**THE DATA:**
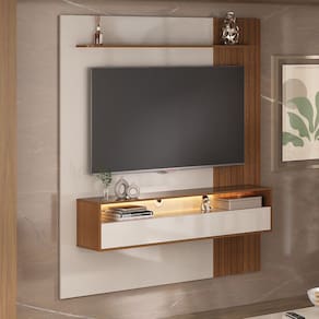 Características: 1 Porta basculante com amortecedor 1 Prateleira com cantos arredondados Acompanha suporte para TV Delicados cantos arredondados no nicho Detalhes ripados em baixo relevo Estrutura resistente de MDF/MDP de 15mm de espessura com pintura UV Fita de LED dentro do nicho Puxador chanfrado Suporta TVs de até 65 polegadas e widescreen de até 72 polegadas
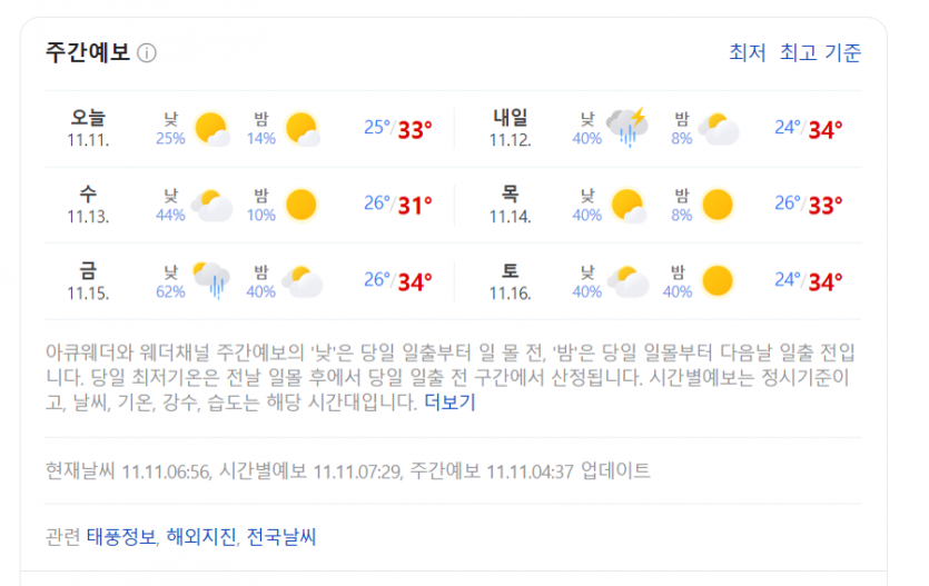 호치민 11/18(월) 주간예보 및 11/19 월드컵3차 예선요~^^
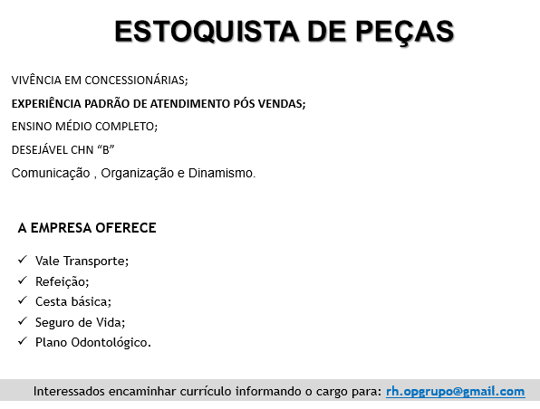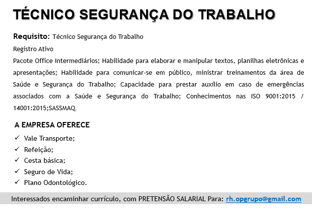 Mais informações sobre a vaga, somente por e-mail com os contratantes. Boa sorte !!!🍀
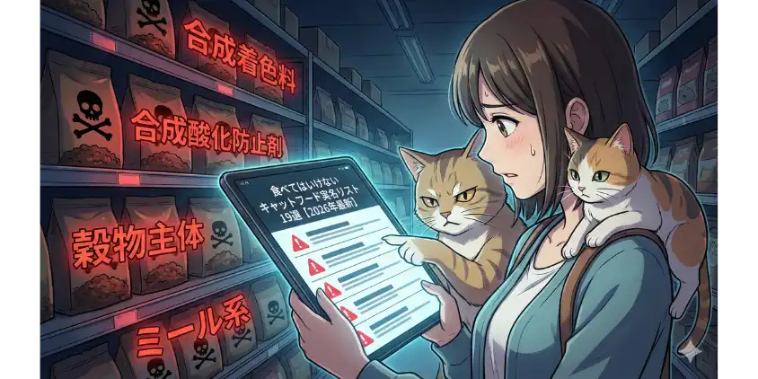 この記事では、食べてはいけないキャットフードの実名リストはもちろん、危険な原材料・添加物の見分け方、そして安全なフードへの切り替え方法まで、この1記事で全てわかるように徹底解説しています。

**WORK INSTRUCTION:** Reproduce all of the material above word for word. Omit the pictures.

**ANSWER BELOW:**
 Características: 1 Porta basculante com amortecedor 1 Prateleira com cantos arredondados Acompanha suporte para TV Delicados cantos arredondados no nicho Detalhes ripados em baixo relevo Estrutura resistente de MDF/MDP de 15mm de espessura com pintura UV Fita de LED dentro do nicho Puxador chanfrado Suporta TVs de até 65 polegadas e widescreen de até 72 polegadas
 호치민 11/18(월) 주간예보 및 11/19 월드컵3차 예선요~^^
 Mais informações sobre a vaga, somente por e-mail com os contratantes. Boa sorte !!!🍀
 この記事では、食べてはいけないキャットフードの実名リストはもちろん、危険な原材料・添加物の見分け方、そして安全なフードへの切り替え方法まで、この1記事で全てわかるように徹底解説しています。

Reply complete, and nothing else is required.